-- YOUR OBJECTIVE --
A verbatim transcript of the data below is required, images omitted.

Top of EXERCISE DATA

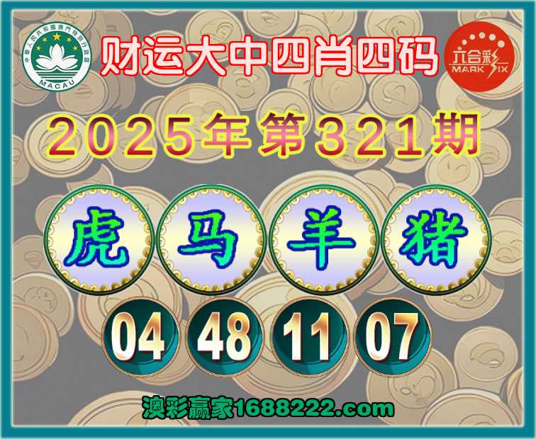 321期:《财运大中》 🥽四肖四码🥽【虎马羊猪】【04.48.11.07】开:羊23准
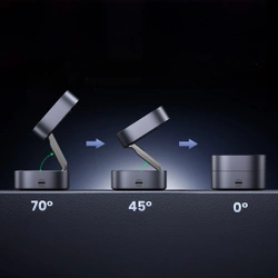 Składana konstrukcjaKompaktowa i składana konstrukcja ładowarki sprawia, że jest łatwa do przenoszenia i przechowywania. Z wymiarami 60 x 60 x 49 mm i wagą zaledwie 205 g, zmieści się w każdej torbie, plecaku czy bagażu. Wbudowana przeciwwaga oraz silikonowe podkładki zapewniają stabilność urządzenia, co czyni ją idealną do użytku w domu, biurze oraz w podróży.
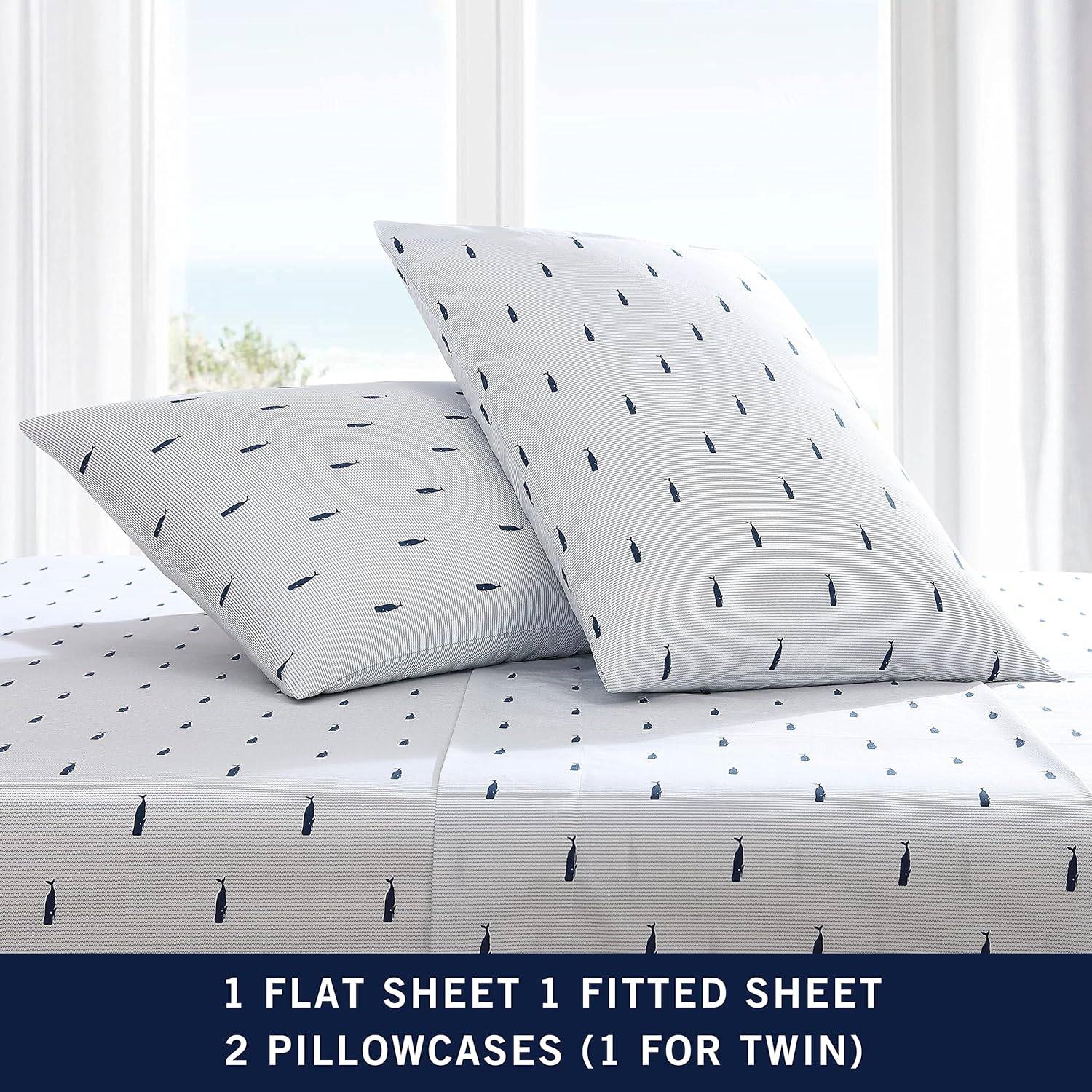 Full size Coastal Beach 100-Percent Cotton Navy Blue White Stripe Sheet Set

Bottom of EXERCISE DATA

-- SOLUTION TO THE EXERCISE --
 321期:《财运大中》 🥽四肖四码🥽【虎马羊猪】【04.48.11.07】开:羊23准
 Składana konstrukcjaKompaktowa i składana konstrukcja ładowarki sprawia, że jest łatwa do przenoszenia i przechowywania. Z wymiarami 60 x 60 x 49 mm i wagą zaledwie 205 g, zmieści się w każdej torbie, plecaku czy bagażu. Wbudowana przeciwwaga oraz silikonowe podkładki zapewniają stabilność urządzenia, co czyni ją idealną do użytku w domu, biurze oraz w podróży.
 Full size Coastal Beach 100-Percent Cotton Navy Blue White Stripe Sheet Set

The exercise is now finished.